What happens when your valuation drops
Down rounds went from rare to frequent in 2022-2024 and remain a real concern. This page covers mechanics, anti-dilution activation, and survival playbooks for founders facing a flat or down priced round.
How a down round dilutes
Standard dilution math first: the round happens at a lower price per share, so more shares get issued for the same dollar raise, which dilutes everyone. Then anti-dilution provisions kick in for protected investors: their conversion price drops via the broad-based weighted average formula or full ratchet, and additional shares are issued to them. Founders bear most of that extra dilution.
What we learned
Many companies that raised at peak 2021 multiples ended up flat or down by 2023. Anti-dilution provisions that founders treated as theoretical at signing became expensive in practice. Pay-to-play provisions and structured rounds became the norm. Founders who had not modeled their down-round exposure in advance were forced into reactive decisions.

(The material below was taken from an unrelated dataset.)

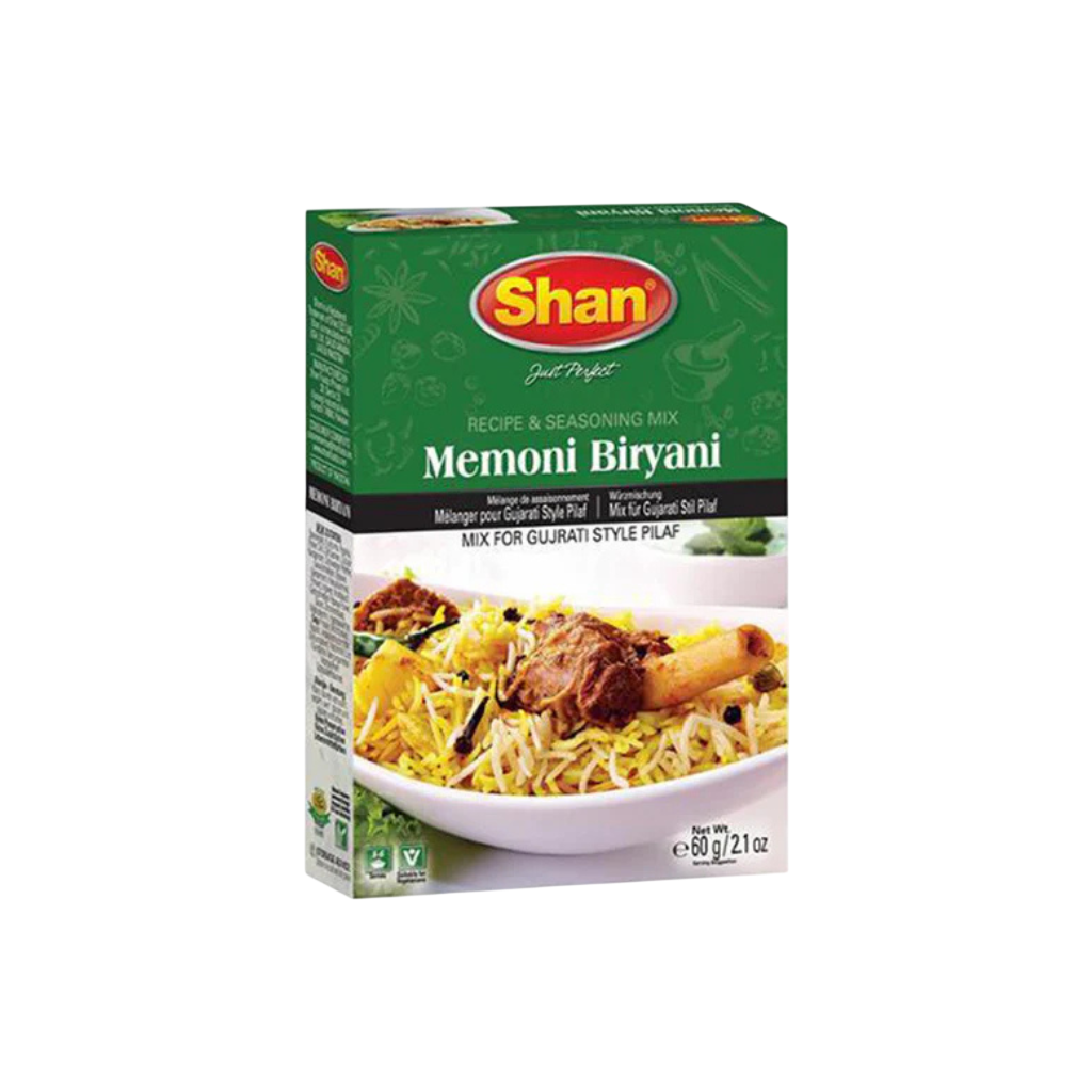 Shaan Memoni Mutton Biryani 60g: Special spice blend for preparing authentic Memoni style mutton biryani. Rich combination of traditional spices for bold flavor. Perfect for aromatic and flavorful rice dishes. Enjoy restaurant style biryani at home.

If you are heading into a down round
- Model the exact anti-dilution impact at the proposed price using the calculator below.
- Push for pay-to-play to convert non-participating preferred to common.
- Negotiate carve-outs for employee grants and strategic issuances.
- Refresh employee equity if grants would otherwise be deeply underwater.
- Consider a convertible-note bridge to defer the repricing if you can hit a milestone in 6-12 months.
- Communicate transparently with the team about cap table impact (selectively, on a need-to-know basis).